Hire a professional and get a freelance edit or manuscript critique. Also try sensitivity readers, beta readers, and wine. Lots…of…wine…

Ultimately, it could just be that there just isn’t a market for your book, and if agents can’t sell it, they don’t eat.  

Most importantly, never, ever tell an agent they’re wrong for not accepting you. It’s a small world. Don’t burn that bridge by responding.

*deep breath*

Okay, let’s continue.

2) Know what genre you write.

I’m not even kidding.

Before you send a query, before you give a pitch, know what genre your book is. If you’re not sure, you’re not ready to be querying. Here’s a basic list to get you started.

3) Here is a secret that agents cannot tell you, since no agent should ever ask you to spend money to get representation (RED FLAG). But, I’m going to tell you from my years in the field. You really need to get that manuscript professionally edited, as much as you can within your budget, before you query.

Don’t balk. Read this blog by John M. Cusick – “Publishers Don’t Want Good Books.”

The market is REALLY tough right now. It’s not good enough to be good anymore. It’s not even good enough to be great. You have to be FANTASTIC. 

There are always exceptions, always. But if you want the best shot at the best agents, find a professional editor with the most experience you can. If you can’t? Find a trusted friend. Have at least one other person read your book. AT LEAST.

4) Don’t be racist. WHY IS THIS EVEN SOMETHING I NEED TO ADD?! Get a sensitivity reader, get an editor, do whatever you need to do to check yourself. (If your book is dealing with racism, make sure you have at least one sensitivity reader.)

5) FORCED OR COERCED SEX IS NEVER OKAY BETWEEN THE HERO AND HEROINE. That’s not romance, that’s a crime. Why is this even something I need to mention? We have a responsibility to teach people about consent. If you need help figuring out how to write consent, let me know! I’ll hook you up with some amazing resources.

6) Do not stalk the agents in the bathroom. Or grocery store. Or restaurant. Or on Twitter…(oops, I kinda failed at that one…) 

Just say no.

Walk away.

Also, be respectful of their personal space. The last conference I was at (not an RWA conference), I was talking to an agent who had to hide behind me – BEHIND ME – so we could have a conversation without someone interrupting. It was like hanging out with a famous person.

7) Participate in pitch parties, interact with agents and editors on Twitter, say hi at conferences, and be kind. People will remember the good as well as the bad.

8) Look up the agent’s requirements for pitching/submission. Follow the requirements to the letter, address the agent by name. Don’t query with genres they don’t accept. Don’t send a generic letter.

9) Make your opening lines count. Agents read fast. Some agents get five emails a day, some get hundreds. You have five seconds to make it count. You have to prove you want this and you’re worth it in around seven sentences. You can easily get query and pitching help through many writer groups online. Take the time to perfect both your story and your pitch before hitting “send.”

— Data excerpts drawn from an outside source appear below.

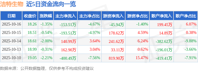 证券之星消息,截至2025年10月16日收盘,洁特生物(688026)报收于18.26元,下跌1.35%,换手率1.27%,成交量1.79万手,成交额3284.13万元。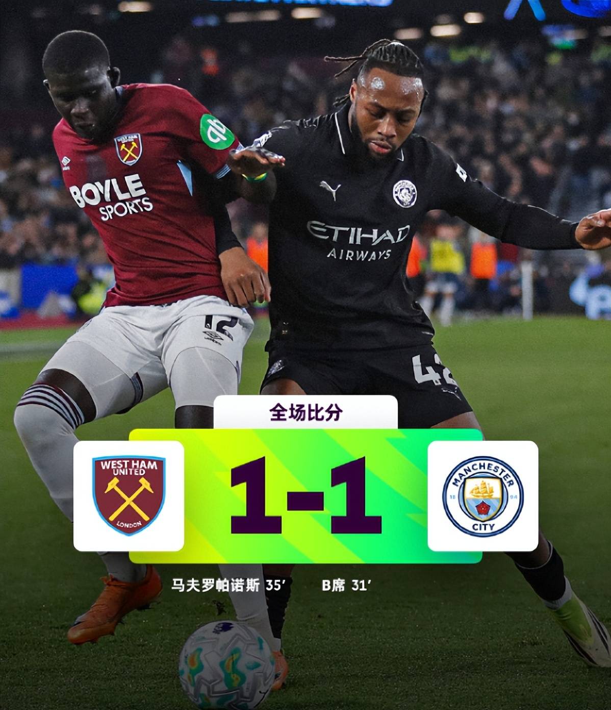 เมื่อมองย้อนกลับไปที่เกมนี้ ในนาทีที่ 32 การจ่ายบอลตรงของ Malmush เปิดแนวรับของ West Ham และ B-Seals ยิงข้ามผู้รักษาประตู Hermanson จากมุมเล็ก ๆ ในเขตโทษและทำคะแนนนำให้แมนเชสเตอร์ซิตี้ แต่เพียง 3 นาทีต่อมา โบเวนส่งบอลเข้าเขตโทษได้แม่น และ โบเวน ส่งบอลเข้าเขตโทษได้อย่างแม่นยำ แต่ นายดอน นารุมม่า อย่างฉับพลันแต่ไม่ทันได้สัมผัสบอล Mavro Panos คว้าโอกาสในการมุ่งหน้าไปและลูกบอลกระแทกที่ขอบล่างของคานประตูและกระดอนเข้าตาข่ายและคะแนนก็เท่ากันทันที
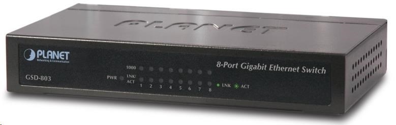 Planet switch GSD-803 10/100/1000 (8X1000BASE-T), EUP, 802.3AZ, kov

10) Keep writing. Some people can sell their first book, others finally sell book three or four or ten. The best chance you have is to keep coming back with strong work. Eventually, someone will notice.

Keep writing, be respectful, don’t stalk. These are my words of advice to you all!

On this day in 1968 – Helen Keller passed away. She was an American author, lecturer and activist, campaigned for women’s suffrage, labor rights and socialism; she was blind and deaf from a young age. (b. 1880)

Wishing You Laughter & Good Books,BannerWithInfo_ForWeb
Heather Novak
Find me at:
Twitter: authorheathern
Instagram: authorheathern
Facebook: authorheathernovak

Hunting Witch Hazel: Now available
I was happy with my West Coast life – 24-hour pizza delivery and bikini-clad bodies as far as the eye could see. Now I’m in the small-ass town of 
Hayvenwood to extract a ransom to save my little brother’s life. And that ransom is locked inside of the sexiest witch I have ever met, Hazel Evanora.


About Heather Novak, Author

Bold, Breathtaking, Badass Romance. When she’s not pretending to be a rock star with purple hair, Heather Novak is crafting romance novels to make you swoon! After her rare disease tried to kill her, Heather mutated into a superhero whose greatest power is writing romance that you can’t put down. When she’s not obsessively reading or writing, Heather is trying to save the world like her late mama taught her. Heather lives in the coolest city in the world, Detroit, Michigan, with her very own Prince Charming. (He even does dishes.)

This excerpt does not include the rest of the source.